The times in each column represent the time to the first paint of the table, and the time after scrolling
is completed (we wait until the table is fully rendered after each scroll):
Records | Built-In DataTable | FastDataTable (Arrow from Parquet) | FastDataTable (Arrow from Records) | FastDataTable (Numpy from Records)
--------|--------|--------|--------|--------
lap_times_100.parquet | 0.019s / 1.716s | 0.012s / 1.724s | 0.011s / 1.700s | 0.011s / 1.688s
lap_times_1000.parquet | 0.103s / 1.931s | 0.011s / 1.859s | 0.011s / 1.799s | 0.015s / 1.848s
lap_times_10000.parquet | 0.977s / 2.824s | 0.013s / 1.834s | 0.016s / 1.812s | 0.078s / 1.869s
lap_times_100000.parquet | 11.773s / 13.770s | 0.025s / 1.790s | 0.156s / 1.824s | 0.567s / 2.347s
lap_times_538121.parquet | 62.960s / 65.760s | 0.077s / 1.803s | 0.379s / 2.234s | 3.324s / 5.031s
wide_10000.parquet | 5.110s / 10.539s | 0.024s / 3.373s | 0.042s / 3.278s | 0.369s / 3.461s
wide_100000.parquet | 51.144s / 56.604s | 0.054s / 3.294s | 0.429s / 3.642s | 3.628s / 6.732s
**NB:** FastDataTable currently does not support rows with a height of more than one line. See below for
more limitations, relative to the built-in DataTable.
## Installation
```bash
pip install textual-fastdatatable
```
## Usage
If you already have data in Apache Arrow or another common table format:
```py
from textual_fastdatatable import DataTable
data_table = DataTable(data = my_data)
```
The currently supported types are:
```py
AutoBackendType = Union[
pa.Table,
pa.RecordBatch,
Path, # to parquet only
str, # path to parquet only
Sequence[Iterable[Any]],
Mapping[str, Sequence[Any]],
]
```
To override the column labels and widths supplied by the backend:
```py
from textual_fastdatatable import DataTable
data_table = DataTable(data = my_data, column_labels=["Supports", "[red]Console[/]", "Markup!"], column_widths=[10, 5, None])
```
You can also pass in a `backend` manually (if you want more control or want to plug in your own).
```py
from textual_fastdatatable import ArrowBackend, DataTable, create_backend
backend = create_backend(my_data)
backend = ArrowBackend(my_arrow_table)
# from python dictionary in the form key: col_values
backend = ArrowBackend.from_pydict(
{
"col one": [1, 2, 3 ,4],
"col two": ["a", "b", "c", "d"],
}
)
# from a list of tuples or another sequence of iterables
backend = ArrowBackend.from_records(
[
("col one", "col two"),
(1, "a"),
(2, "b"),
(3, "c"),
(4, "d"),
]
)
# from a path to a Parquet file:
backend = ArrowBackend.from_parquet("path/to/file.parquet")
```
## Limitations and Caveats
The `DataTable` does not currently support rows with a height of more than one line. Only the first line of each row will be displayed.
The `DataTable` does not currently support row labels.

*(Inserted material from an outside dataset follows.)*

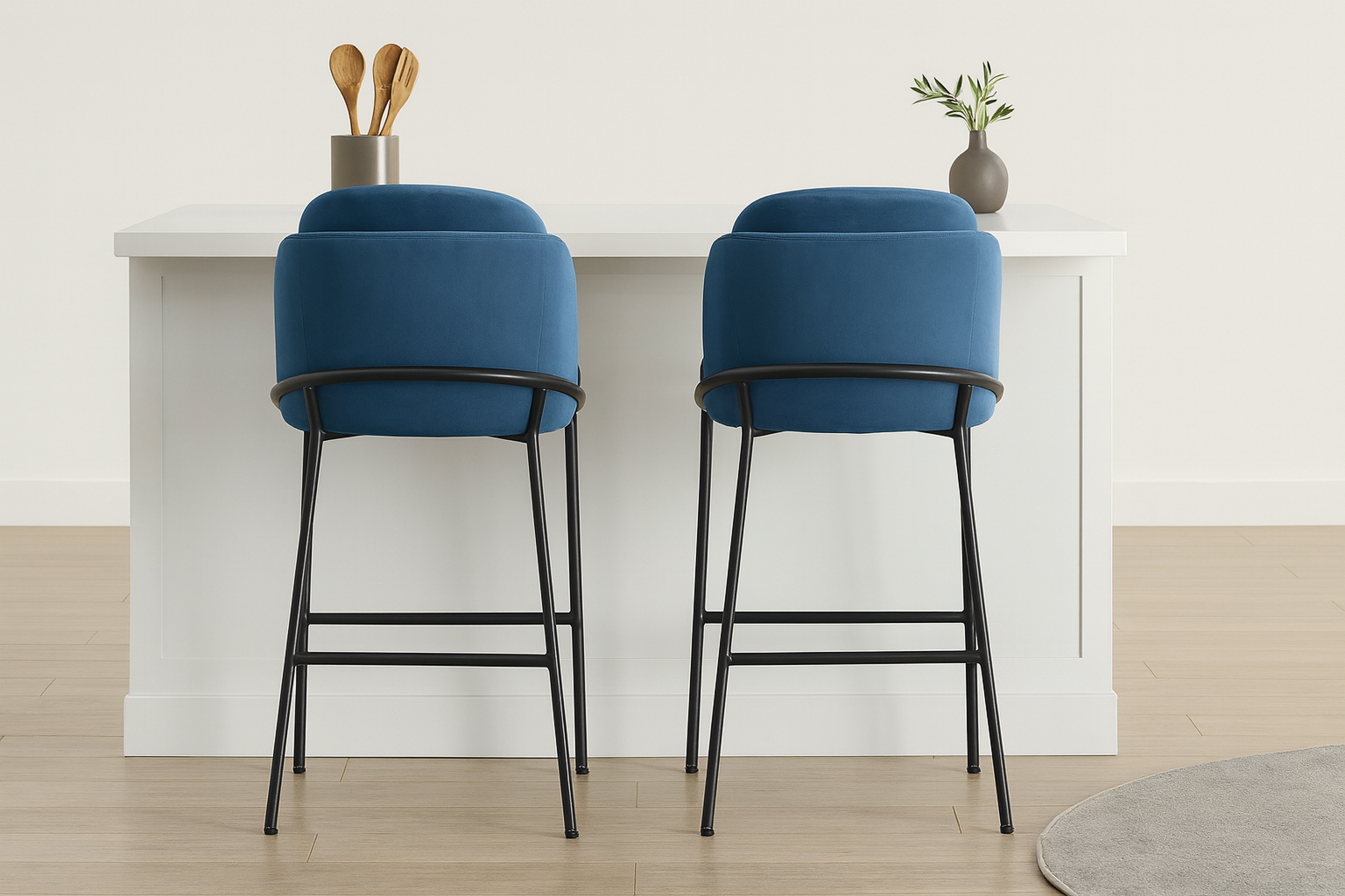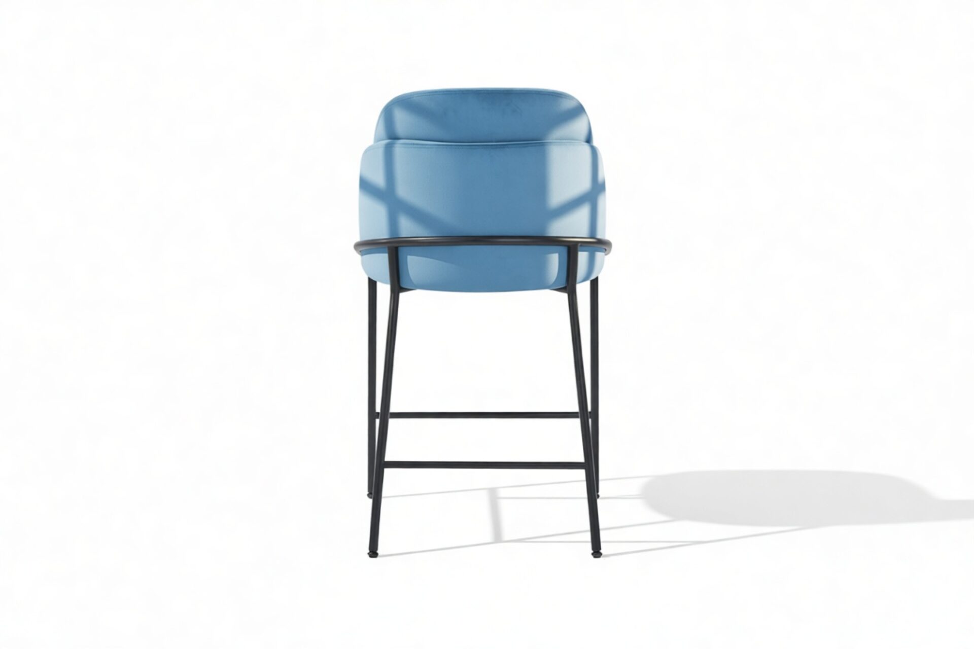 Elevate your counter area with the chic Aegean Blue Velvet Baruch Counter Stool. Blending bold velvet upholstery with sleek black metal legs, this stool exudes modern sophistication. Designed for comfort, its curved back and cushioned segment offer ergonomic support, while the streamlined structure with matte black finish adds a touch of elegance to your space.

The `ArrowBackend` is optimized to be fast for large, immutable datasets. Mutating the data,
especially adding or removing rows, may be slow.
The `ArrowBackend` cannot be initialized without data, however, the DataTable can (either with or without `column_labels`).
The `ArrowBackend` cannot store arbitrary Python objects or Rich Renderables as values. It may widen types to strings unnecessarily.
## Additional Features
### Copying Data from the Table
`ctrl+c` will post a SelectionCopied message with a list of tuples of the values selected by the cursor. To use, initialize with `cursor_type=range` from an app that does NOT inherit bindings.
```py
from textual.app import App, ComposeResult
from textual_fastdatatable import ArrowBackend, DataTable
class TableApp(App, inherit_bindings=False):
BINDINGS = [("ctrl+q", "quit", "Quit")]
def compose(self) -> ComposeResult:
backend = ArrowBackend.from_parquet("./tests/data/lap_times_538121.parquet")
yield DataTable(backend=backend, cursor_type="range")
if __name__ == "__main__":
app = TableApp()
app.run()
```
### Truncating long values
The `DataTable` will automatically calculate column widths; if you set a `max_column_content_width` at initialization, it will truncate any long values at that width; the full value will be visible on hover in a tooltip (and the full value will always be copied to the clipboard).